**THE PROBLEM**: Using the data below, restate exactly every line from the one with "Постановление Правительства Ивановской области от 30.11.2017" up to and including the one with "艺术家复原2.5亿年前两种不". No picture belongs in it.

**SOURCE MATERIAL**:
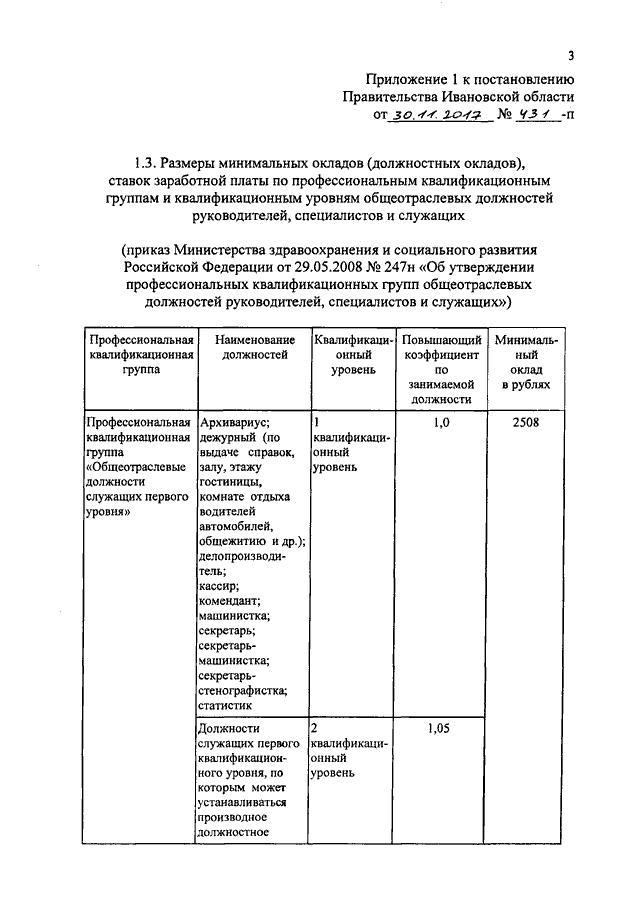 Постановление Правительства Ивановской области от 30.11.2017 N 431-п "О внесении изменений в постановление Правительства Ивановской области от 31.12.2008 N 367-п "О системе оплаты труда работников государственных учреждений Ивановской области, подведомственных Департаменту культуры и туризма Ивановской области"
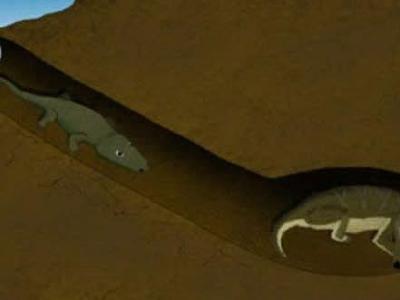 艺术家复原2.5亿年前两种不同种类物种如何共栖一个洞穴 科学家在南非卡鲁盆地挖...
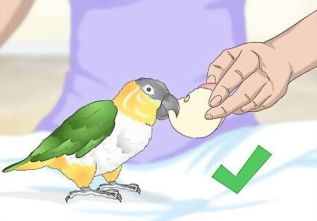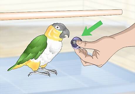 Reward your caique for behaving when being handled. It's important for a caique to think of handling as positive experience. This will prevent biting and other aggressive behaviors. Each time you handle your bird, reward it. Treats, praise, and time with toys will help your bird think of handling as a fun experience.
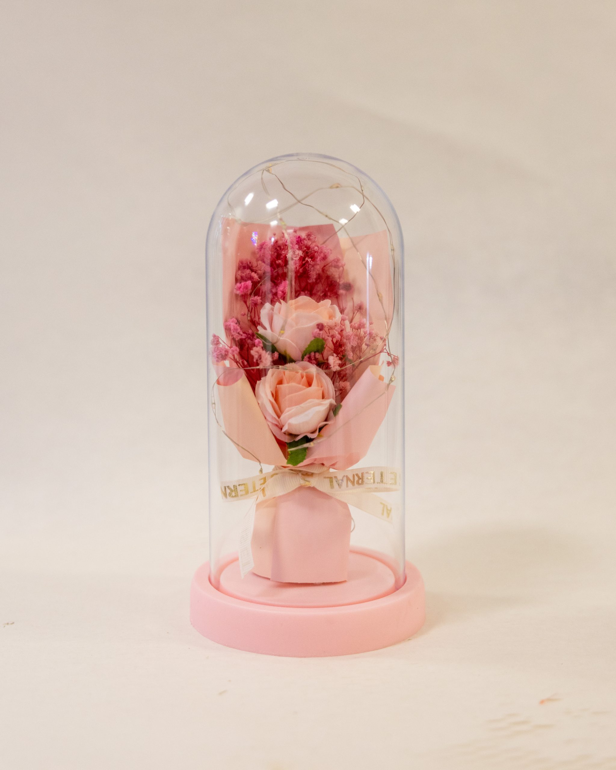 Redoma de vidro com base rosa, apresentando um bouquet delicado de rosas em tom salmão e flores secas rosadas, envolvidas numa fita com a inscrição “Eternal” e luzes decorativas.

* * *

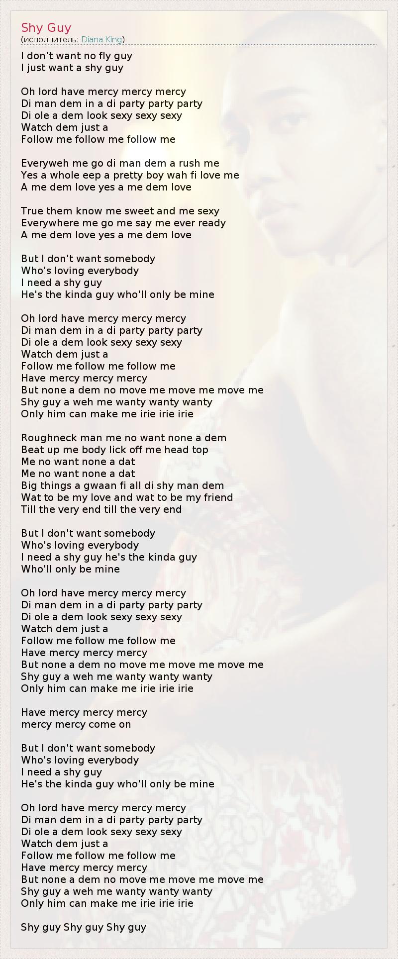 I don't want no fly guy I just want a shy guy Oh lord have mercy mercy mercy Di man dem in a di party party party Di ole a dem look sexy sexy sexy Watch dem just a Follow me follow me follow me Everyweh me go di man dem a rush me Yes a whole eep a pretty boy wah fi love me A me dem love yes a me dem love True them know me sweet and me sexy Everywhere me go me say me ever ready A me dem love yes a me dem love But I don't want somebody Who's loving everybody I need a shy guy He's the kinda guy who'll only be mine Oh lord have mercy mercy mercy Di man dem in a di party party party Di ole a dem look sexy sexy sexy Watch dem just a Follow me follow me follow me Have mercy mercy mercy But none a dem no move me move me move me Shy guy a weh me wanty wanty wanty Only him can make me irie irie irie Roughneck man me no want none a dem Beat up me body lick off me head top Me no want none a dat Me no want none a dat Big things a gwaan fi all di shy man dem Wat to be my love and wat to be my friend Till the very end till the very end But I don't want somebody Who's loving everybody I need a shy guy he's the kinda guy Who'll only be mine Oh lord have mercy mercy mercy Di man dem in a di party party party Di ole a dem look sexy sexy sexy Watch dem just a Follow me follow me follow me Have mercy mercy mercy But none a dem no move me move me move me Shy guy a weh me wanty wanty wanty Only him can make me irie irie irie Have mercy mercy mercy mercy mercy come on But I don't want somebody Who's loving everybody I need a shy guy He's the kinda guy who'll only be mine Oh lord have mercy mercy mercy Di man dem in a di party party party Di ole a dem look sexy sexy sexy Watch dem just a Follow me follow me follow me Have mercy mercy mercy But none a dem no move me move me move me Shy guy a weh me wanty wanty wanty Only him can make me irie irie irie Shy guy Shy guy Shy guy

**RESULT OF THE TASK**:
 Постановление Правительства Ивановской области от 30.11.2017 N 431-п "О внесении изменений в постановление Правительства Ивановской области от 31.12.2008 N 367-п "О системе оплаты труда работников государственных учреждений Ивановской области, подведомственных Департаменту культуры и туризма Ивановской области"
 艺术家复原2.5亿年前两种不同种类物种如何共栖一个洞穴 科学家在南非卡鲁盆地挖...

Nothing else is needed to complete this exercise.